Monthly Archives: September 2008

Endangered species may not survive low flows


Two rare native fish facing extinction may not survive in the lower Waitaki and Hakataramea catchments with low river flows, the Department of Conservation warned yesterday.

The lowland longjaw galaxias is New Zealand’s most threatened fish, ranked as “nationally critical”.

It and the “nationally endangered” Canterbury mudfish have populations in both catchments.

But the department is worried by applicants wanting to take water within the two catchments and have a minimum flow of 100 cumecs in the lower Waitaki River, instead of the 150 cumecs environmental minimum low set in the Waitaki catchment water allocation regional plan.

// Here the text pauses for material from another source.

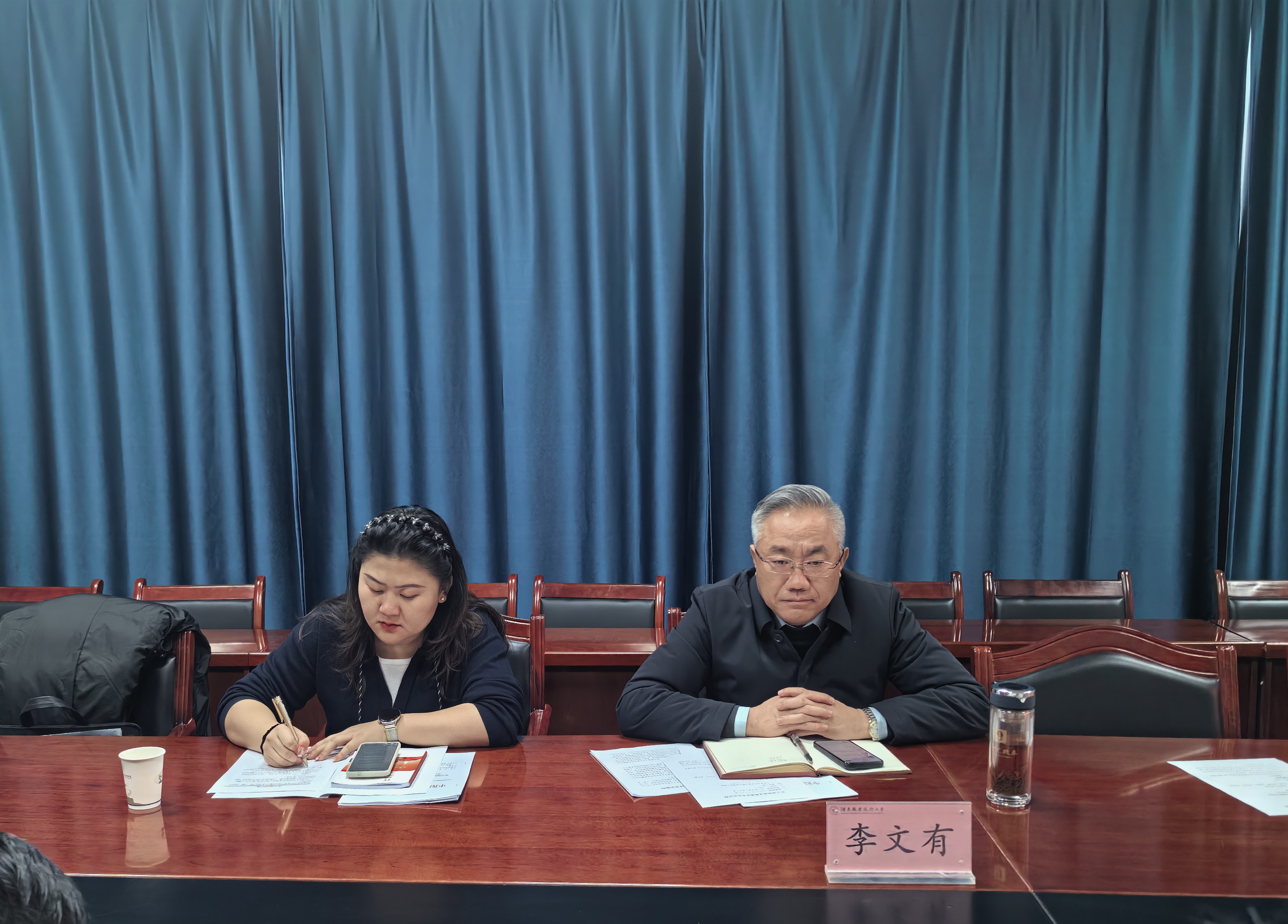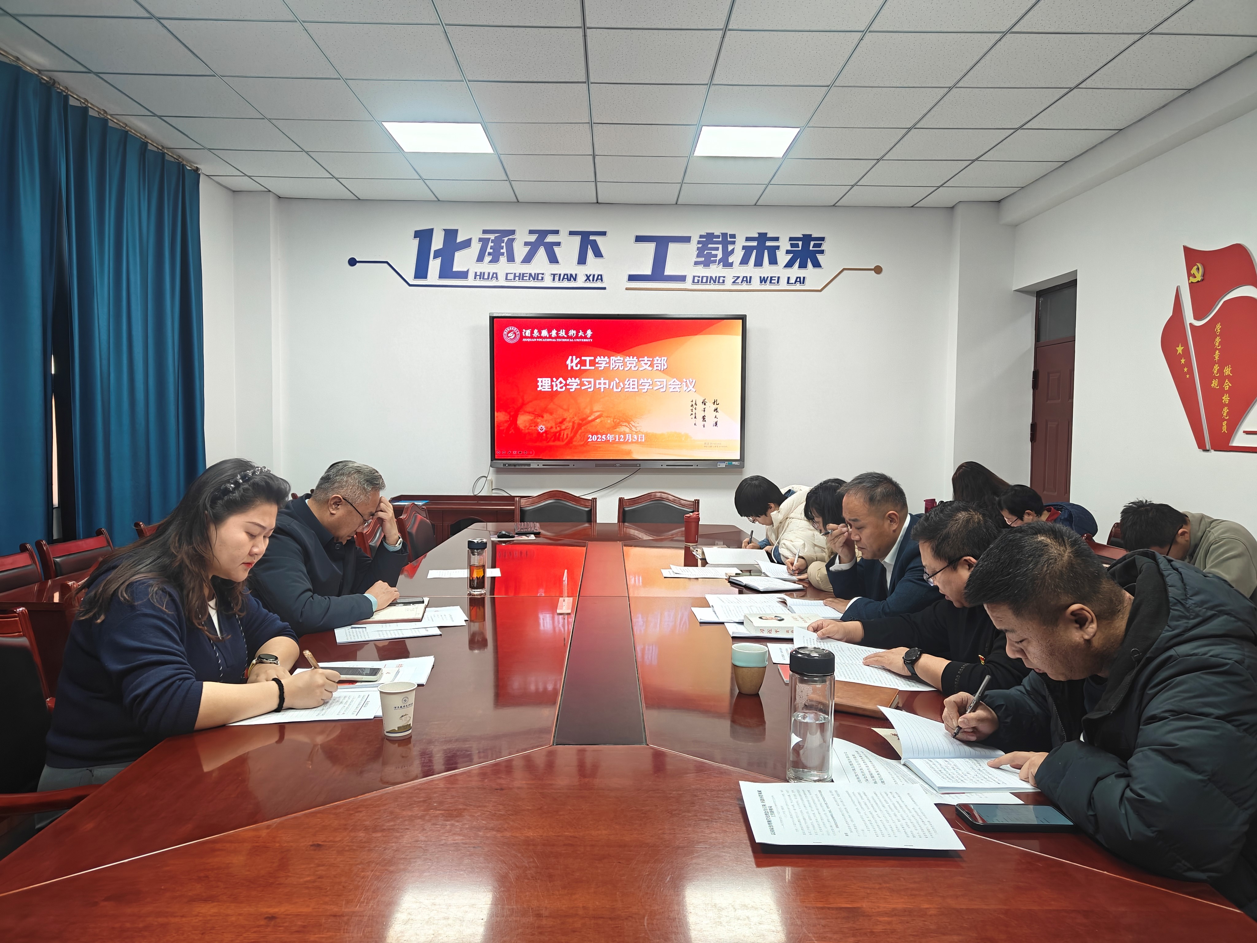 2025年12月3日,化工学院党支部召开理论学习中心组专题学习会暨党的二十届四中全会精神专题研讨会。学校党委列席旁听暨专题调研工作组第十一组组长、党委委员、宣传统战部部长李文有一行列席旁听。化工学院党支部书记白锦川主持会议,全体支委班子成员参加,各系(室)负责人列席会议。

It is also concerned about minimum flows suggested for the Hakataramea catchment and tributaries of the lower Waitaki River.

Yesterday, it made those concerns known, not just for fish but also for birds, to an Environment Canterbury hearings panel.

Freshwater ranger Peter Ravenscroft said dropping the minimum flow would affect shallow areas, groundwater and wetlands, upon which the lowland longjaw and mudfish depended for survival.

“Given their high risk of extinction, any loss in their respective habitats will be significant and pose a serious risk to the ongoing survival of these species,” he said.

The mudfish were on the south bank of the Waitaki River at four distinct locations, occupying wetlands and springs linked to the Waitaki River.

Reducing the river’s minimum flow would shrink or remove wetlands, threatening their long-term survival.

Other indigenous fish, including longfin eel, lamprey and torrentfish, were migratory and were at risk from reduced flows in the lower Waitaki, Hakataramea and Maerewhenua Rivers.

There were seven known populations of the lowland longjaw in the Waitaki catchment and two in the Hakataramea catchment.

The Hakataramea population made up half of the known numbers.

Water takes in the Hakataramea had the potential to have an adverse effect on their survival, he said.

Legal counsel Philippa Rutledge said the department wanted to ensure Waitaki and Hakataramea catchment flows and levels continued to support the habitats of braided river birds and indigenous fish, particularly threatened species.

It was also concerned about the implications for the integrity of the water allocation regional plan and its environmental minimum flow of 150 cumecs, which the department supported.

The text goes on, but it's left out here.